= Vasa Mihich =

American painter

Untitled by Vasa Mihich, 1975, Honolulu Museum of Art

Vasa Velizar Mihich (born 1933, former Yugoslavia), known as Vasa, is an American artist based in Los Angeles, California and is a prominent figure in the Color Field movement.

Born in Yugoslavia, Vasa has lived in Los Angeles since his arrival in the United States in 1960. He is an academically trained painter and was a professor at the University of California, Los Angeles in the Department of Design and Media Arts. He taught theories of color to understand interdependence and interaction of color and form, color and quantity, color and placement, and after-image.

Now retired as a professor emeritus, Vasa focuses on his conceptual art practice. His studio, designed to accommodate the technology required for his work, is located in the heart of Los Angeles. He makes laminated acrylic sculptures that reflect and refract light. He has had solo exhibitions at galleries in the United States, Japan, Italy and Serbia, including the Museum of Contemporary Art, Belgrade, the San Diego Museum of Art, and the Palm Springs Desert Museum.

Vasa is best known for his sculptures made from colored pieces of acrylic. Untitled from 1975, in the collection of the Honolulu Museum of Art, demonstrates the effect of these minimalist sculptures.
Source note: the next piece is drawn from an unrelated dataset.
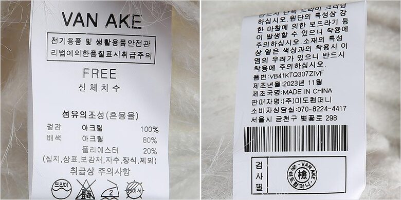| 1. 제품 소재 (섬유의 조성 또는 혼용률을 백분율로 표시, 기능성인 경우 성적서 또는 허가서) | 겉감-아크릴100% 배색-아크릴80% 폴리에스터20% |

The Denver Art Museum, the Hammer Museum (Los Angeles), the Hirshhorn Museum and Sculpture Garden (Washington, D.C.), the Honolulu Museum of Art, The Phillips Collection (Washington, D.C.), the Royal Museums of Fine Arts of Belgium (Brussels), the San Diego Museum of Art, the San Francisco Museum of Modern Art, and the Wilhelm Lehmbruck Museum (Duisburg, Germany) are among the public collections holding work by Vasa Mihich.